When clinicians encounter a patient with suspected TTP and unknown ADAMTS13 levels, they are forced to decide on initiating or withholding therapeutic plasma exchange. Most clinicians proceed with therapeutic plasma exchange because the risks of not treating TTP heavily outweigh the risks associated with therapeutic plasma exchange. Most hospitals, including our hospital, send their ADAMTS13 tests to outside laboratories due to significantly cheaper costs of testing. However, results are delayed by several days, leading to the challenging situation outlined earlier of initiating or withholding therapeutic plasma exchange. If hospitals would implement rapid in-house ADAMTS13 testing (~$300 per test) rather than sending out the ADAMTS13 tests, physicians can definitively rule out TTP, safely withhold therapeutic plasma exchange, procure financial savings of $12 000 per patient by withholding prophylactic therapeutic plasma exchange, and spare patients from complications associated with therapeutic plasma exchange (i.e. systemic infection, venous thrombosis, hypotension requiring dopamine) [7, 8].
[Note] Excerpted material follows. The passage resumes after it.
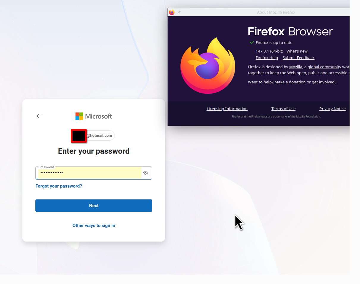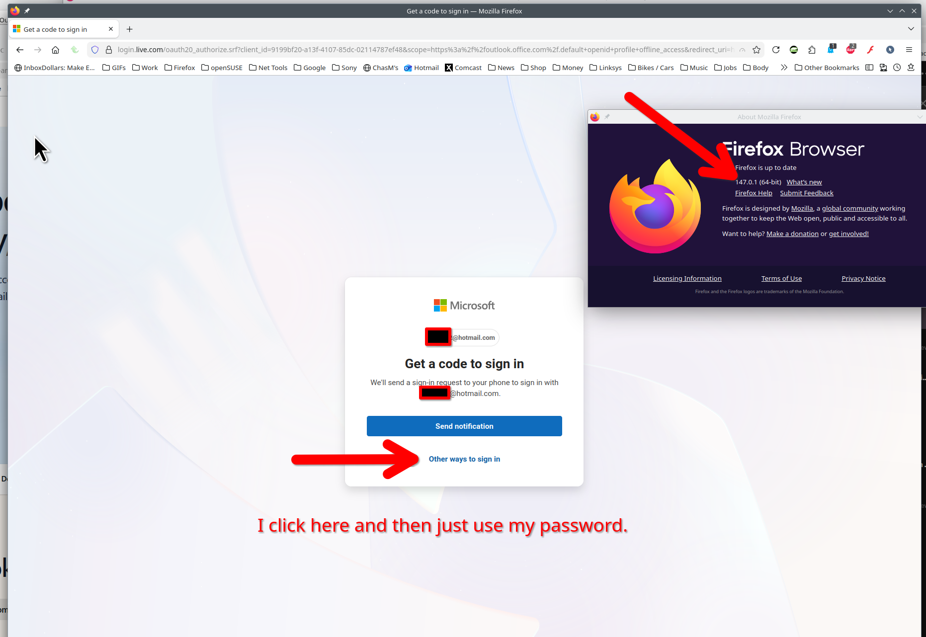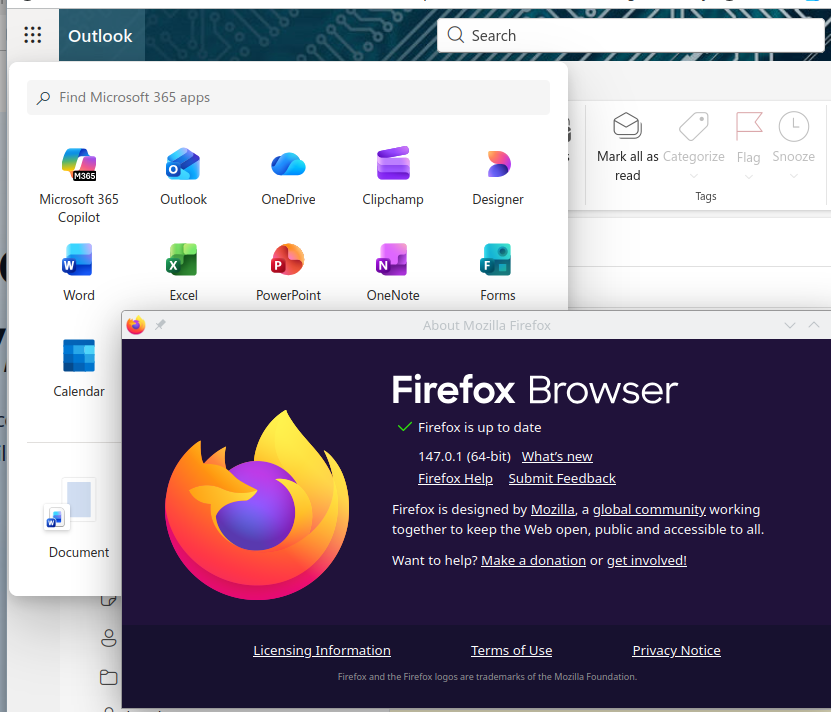 Since latest upgrade (1/16/2026) I cannot log in to Outlook email. This is specific to Firefox 147.0.1 (Chrome and Pop Peeper logins to Outlook work fine). I tried clearing cache, updating, restarting, rebooting, trouble-shooting mode, private window etc. to no avail. I get 400 error from Outlook.

In summary, Opana-induced thrombotic microangiopathy is diagnostically challenging due to its similar presentation to TTP. Since we were unable to obtain a thorough history from the patient when he initially presented, this case proved to be quite challenging to arrive at a diagnosis, taking into account the patient's untreated Hepatitis C infection, history of intravenous drug abuse, hemodynamic instability and negative pancultures. Case reports to date have conflicting views on the role of therapeutic plasma exchange and whether it offers any benefit to the patient. By proactively treating the patient with plasma exchange therapy for 5 days, our case unintentionally demonstrated the ineffectiveness of plasma exchange in treatment of Opana-induced thrombotic microangiopathy. We can also confirm that clinical resolution can be achieved with supportive care only. Our patient received an adequate course of plasma exchange with negligent improvement in his thrombocytopenia; thus, we can strongly argue that plasma exchange should not play a role in the treatment of Opana-induced thrombotic microangiopathy. With the knowledge gained from our case, we can make two suggestions to the medical community so that they may avoid the costly decisions that we inadvertently made. Firstly, increasing awareness of Opana-induced thrombotic microangiopathy with our case report will allow clinicians to arrive at the diagnosis sooner by conducting a thorough history including focused questions on recent intravenous abuse of Opana. Secondly, implementing in-house ADAMTS13 tests would allow physicians to safely withhold therapeutic plasma exchange after ruling out TTP and produce significant financial savings for the hospital. In conclusion, the underlying principles of management of Opana-induced thrombotic microangiopathy are further avoidance of Opana use, treatment of any underlying infections and supportive care.